Question

A stationary body of mass $3\text{kg}$, explodes into three equal parts. Two of the pieces fly off at right angles to each other, with velocities of $2\hat{i}\text{m/s}$ and $3\hat{j}\text{m/s}$. If the explosion takes place in ${10}^{-3}\text{s}$, find out the average force exerted on the third piece.

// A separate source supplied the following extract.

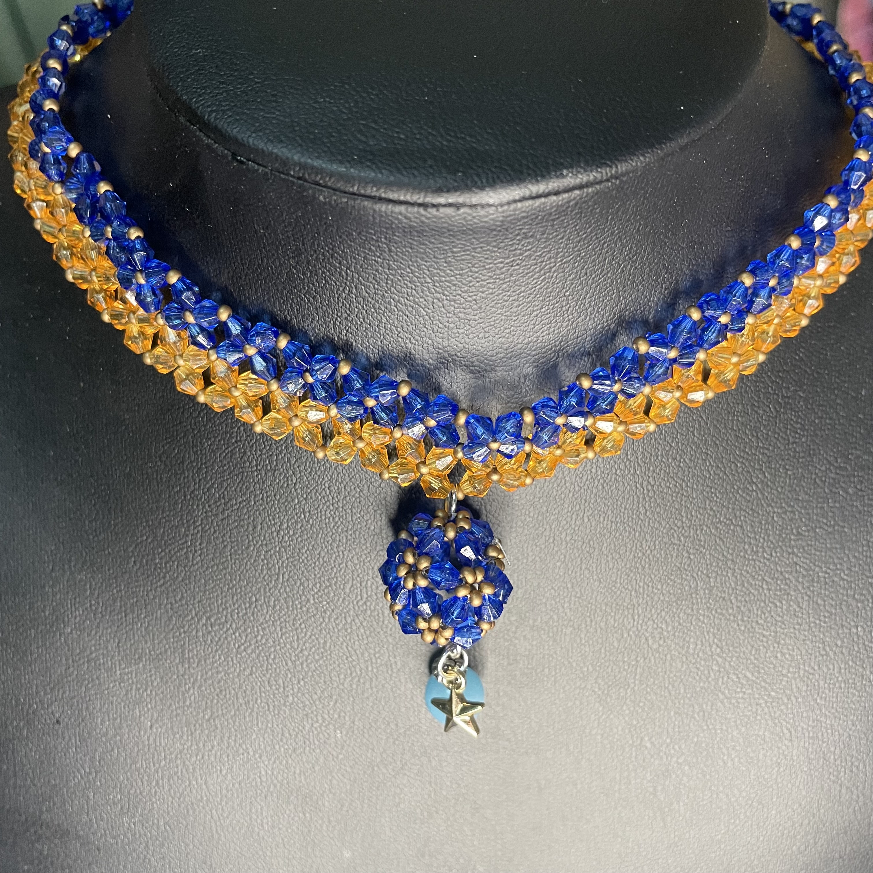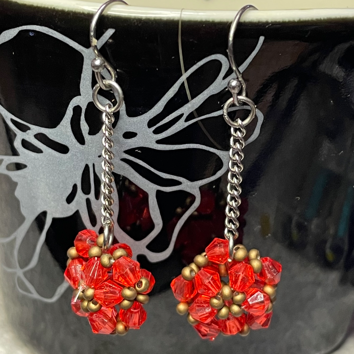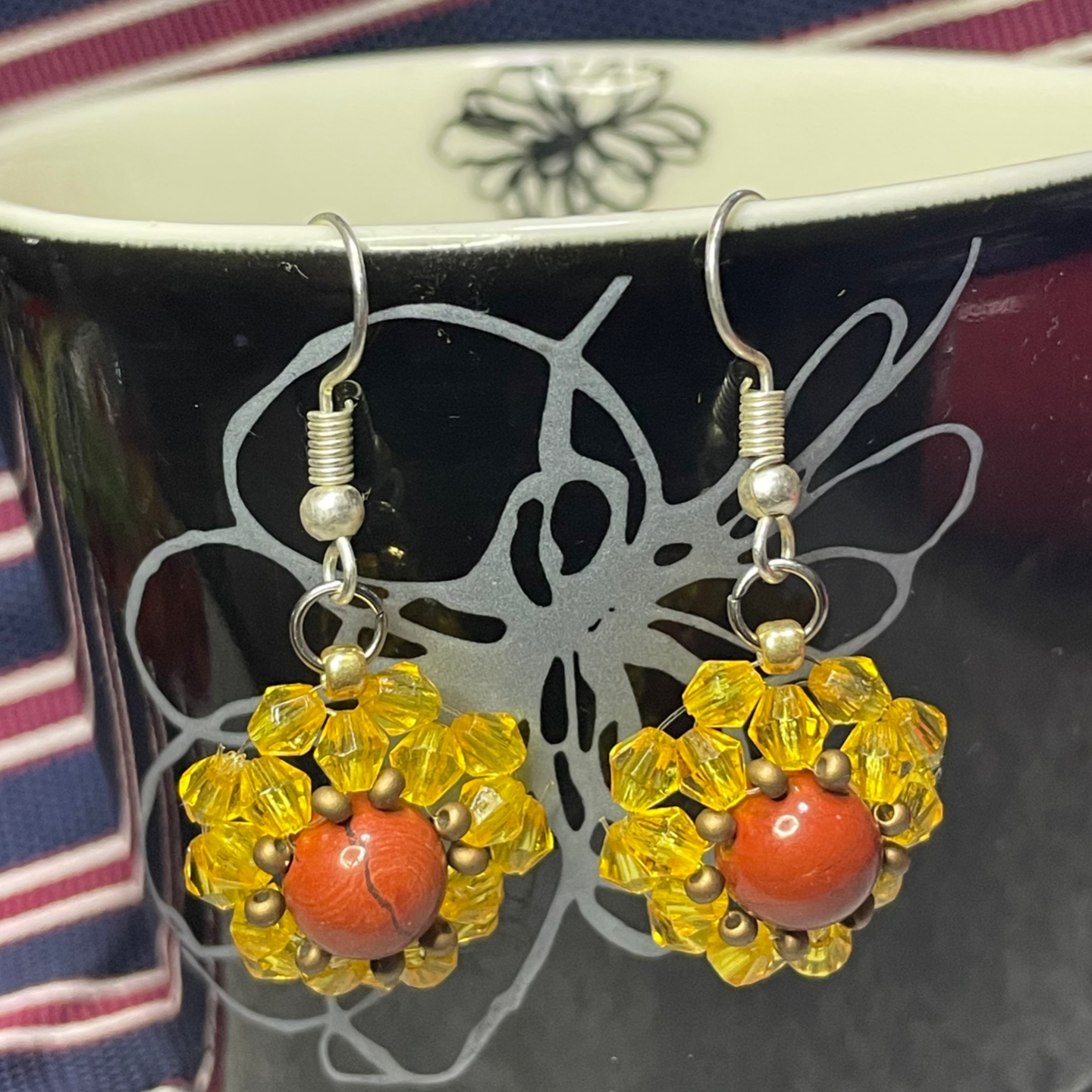 ひまわりは一本糸で編まれたビーズアクセサリーの中でオレンジ基調の開運の天然石アクセサリー。他にはない斬新なデザインとシンプルな作りはつける人の耳元を飾り、

• A. $(-2\hat{i}-3\hat{j})\times {10}^3\text{N}$
• B. $(2\hat{i}+3\hat{j})\times {10}^3\text{N}$
• C. $(2\hat{i}-3\hat{j})\times {10}^{-3}\text{N}$
• D. None of these

Answer 1

The correct option is A $(-2\hat{i}-3\hat{j})\times {10}^3\text{N}$

According to conservation of momentum principle,

${\overrightarrow{p}}_i={\overrightarrow{p}}_{1_f}+{\overrightarrow{p}}_{2_f}+{\overrightarrow{p}}_{3_f}$

$0=2\hat{i}+3\hat{j}+{\overrightarrow{p}}_{3_f}$

$\therefore {\overrightarrow{p}}_{3_f}=-2\hat{i}-3\hat{j}$

For the third piece, average force,

$\overrightarrow{F}=\frac{\Delta \overrightarrow{p}}{\Delta t}=\frac{(-2\hat{i}-3\hat{j})-0}{{10}^{-3}}$

$\Rightarrow \overrightarrow{F}=(-2\hat{i}-3\hat{j})\times {10}^3\text{N}$